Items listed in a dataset

____________________

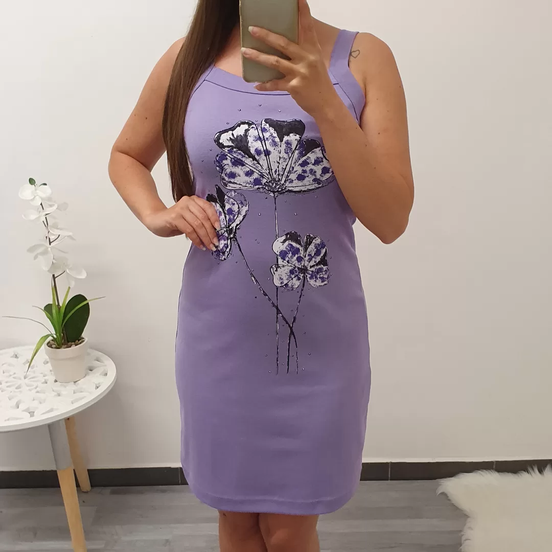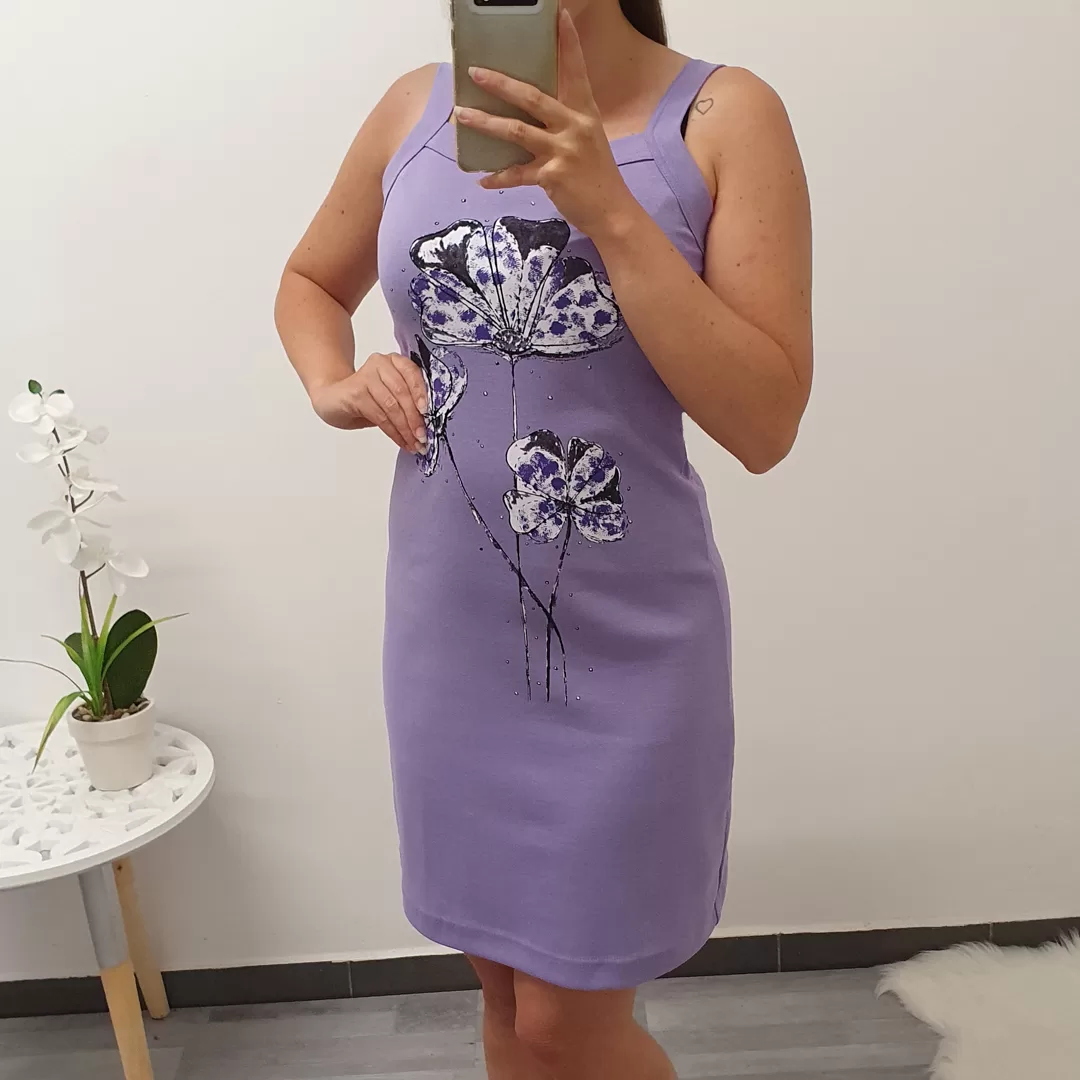 Bombažna obleka Katja z ozkimi naramnicami. Obleka je v vijolični barvi s potiskom.
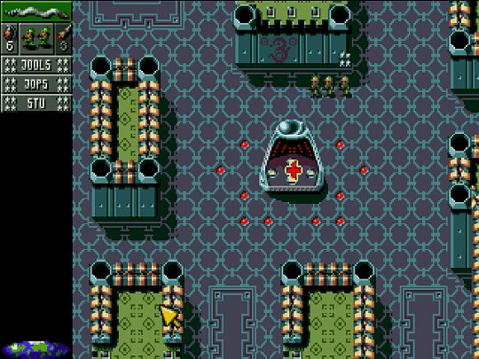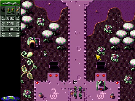 Mission info: This is a long and winding level in the shape of an "S", with only one route through it. There's plenty of ammo to do the job and you shouldn't have too much trouble even from the two gun emplacements at the end, but there's a catch - you MUST keep both your troopers alive, or you won't be able to trigger the switches that summon the UFO to come and take you to the next setting. If either of your little guys gets killed, it's start-the-level-again time.
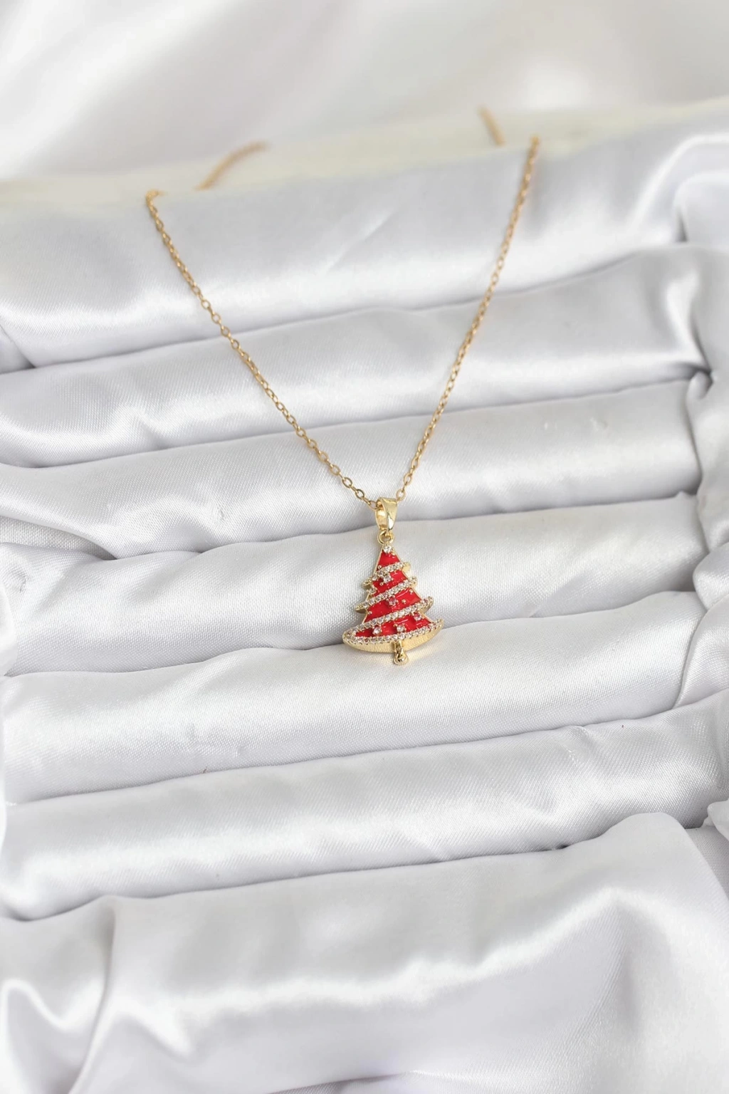 316L Çelik Zincir Gold Renk Kırmızı Çam Ağacı Model Yılbaşı Temalı Kadın Kolye - TJ-BKO10714
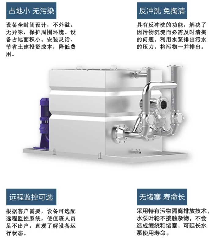 3、固液分離反沖洗型:可以內(nèi)外置(污水提升設(shè)備進(jìn)水前端2套固液分離器,分離進(jìn)水前端液體,通過(guò)集污箱液體反沖出至管道抽排至地上污水井內(nèi)。
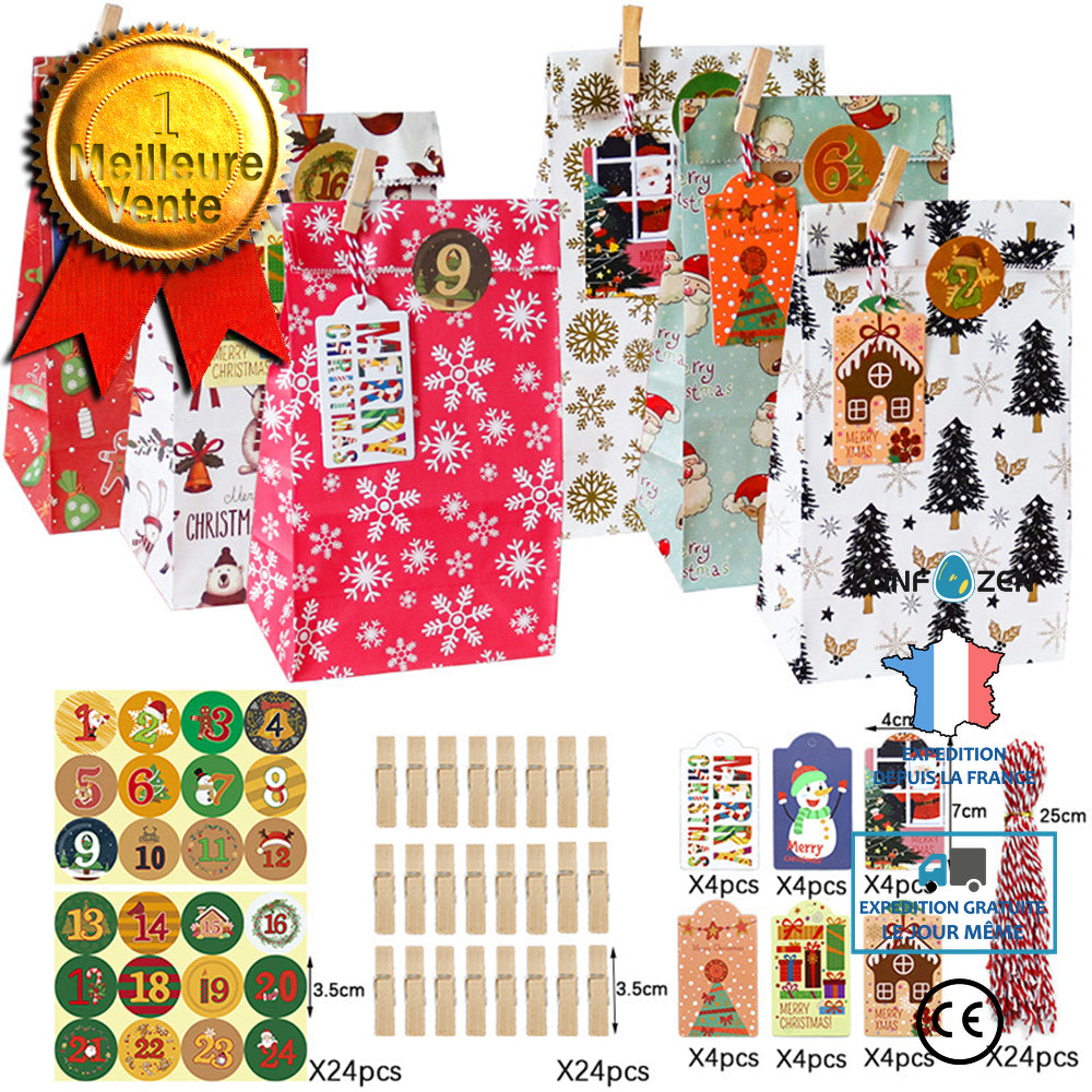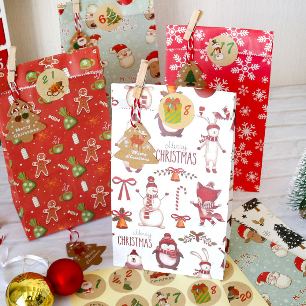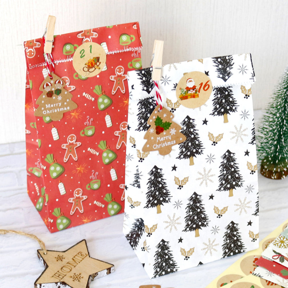 Ensemble de sacs en papier de Noël sac cadeau calendrier de l'avent numérique sac d'emballage de bonbons sac cadeau 24 ensemb

____________________

Apart from the images, every line above is to be given again exactly.

 Bombažna obleka Katja z ozkimi naramnicami. Obleka je v vijolični barvi s potiskom.
 Mission info: This is a long and winding level in the shape of an "S", with only one route through it. There's plenty of ammo to do the job and you shouldn't have too much trouble even from the two gun emplacements at the end, but there's a catch - you MUST keep both your troopers alive, or you won't be able to trigger the switches that summon the UFO to come and take you to the next setting. If either of your little guys gets killed, it's start-the-level-again time.
 316L Çelik Zincir Gold Renk Kırmızı Çam Ağacı Model Yılbaşı Temalı Kadın Kolye - TJ-BKO10714
 3、固液分離反沖洗型:可以內(nèi)外置(污水提升設(shè)備進(jìn)水前端2套固液分離器,分離進(jìn)水前端液體,通過(guò)集污箱液體反沖出至管道抽排至地上污水井內(nèi)。
 Ensemble de sacs en papier de Noël sac cadeau calendrier de l'avent numérique sac d'emballage de bonbons sac cadeau 24 ensemb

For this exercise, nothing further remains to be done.